Download your preferred project data.

Visualise one FASTQ file

Congratulations! You did it!

FASTQ file consists of multiple blocks of these four lines

@NS500222:320:HHMJ3BGX3:1:11101:24390:1371 1:N:0:TAAGGCGA+ATAGAGAG
CATCTGCAAGTTGGAGACCCAGATAAGCCAGTAATGTAGTTCAGTCCATGACCAAACTGTCTCTTATACACATCT
+
AAAAAEEEEEEEEEEEEEEEEEEEEEEEEEEEEEEEEEEEEEEEEEEEEEEEEEAEEEEEEEEEEEEEEEEEEEE

Line 1: @ followed by identifier
Line 2: Sequence information
Line 3: Character +
Line 4: Quality scores

File formats

Reference genomes: consist of a mixture of known chromosomes and unplaced contigs called Genome Reference Assembly
- Path to reference genomes: /scratchb/bioinformatics/reference_data/reference_genomes/
- Path to assembly: /scratchb/bioinformatics/reference_data/reference_genomes/$organism/$assembly e.g. for Human GRCh38 /scratchb/bioinformatics/reference_data/reference_genomes/homo_sapiens/GRCh38
Unaligned sequences: Fasta and FastQ
- FastQ: sequence information with quality scores
Aligned sequences: SAM/BAM/CRAM
Summarised genomic features
- Genomic intervals: BED
- Gene annotation: GFF/GTF
- Genomic scores: Wiggle files, BEDgraphs, BigWigs

Tracking your work - always create a `README.txt` file

Create a README.txt file in each of your working directory
Describe what you are trying to achieve
Copy/paste the commands you ran using your history

EXERCISE Go to your Terminal window, or open a new one and log in onto the cluster head node.

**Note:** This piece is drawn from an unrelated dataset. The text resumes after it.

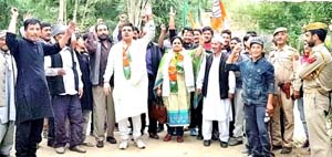 KARGIL, (LADAKH), Aug 7: Intensifying party’s campaign to secure victory in Ladakh Autonomous Hill Development Council (LAHDC), Kargil,  BJP State president, Ravinder Raina (MLA) along-with senior party leaders, including party State spokesperson, Priya Sethi (MLA), Haji Khudaam, Zakir Zakiri and Kargil Mahilla Morcha president, Leela Bano reached Sankoo Valley and addressed the rallies there.

Navigate to your project data.

Create a README.txt file.

Type a small description and the commands you used to retrieve the data.

Congratulations! You did it!

Renaming multiple files - always keep your original data

We’ve seen in session 1 how to use wildcard * to get a command executed on multiple files, as well as combining them using pipe |. Unfortunately it is not possible to use wildcard to rename files. We will have to use a loop to do some operation once for each thing in a list.

EXERCISE Go to your Terminal window, or open a new one.

Let’s get back to Nelle’s data from session 1. On the command line download the zipped data file using wget followed by unzip to decompress the archive and navigate to the session1-data/nelle/creatures directory using cd command and list all the files using ls.

Congratulations! You did it!

There are two files in this directory but imagine we had hundred which we would like to rename to original_*.bat to take a back up of them before editing them.

If you run

mv *.dat original_*.dat

you’ll get an message about how to use mv because mv cannot receives more than two inputs. Instead, we can use a loop to do some operation once for each thing in a list. Let’s start by printing the name of each of us using the echo command. We could do it one command at a time, or we can use a loop for variable_name in element_1 element_2 element_3; do command $variable_name; done to repeat the same command three times for each element of the list:

echo Anne
echo Rob
echo Jochen
echo Katie
echo Ummi

for name in Anne Rob Jochen Katie Ummi; do echo $name; done

EXERCISE Go to your Terminal window, or open a new one and go to session1-data/nelle/creatures.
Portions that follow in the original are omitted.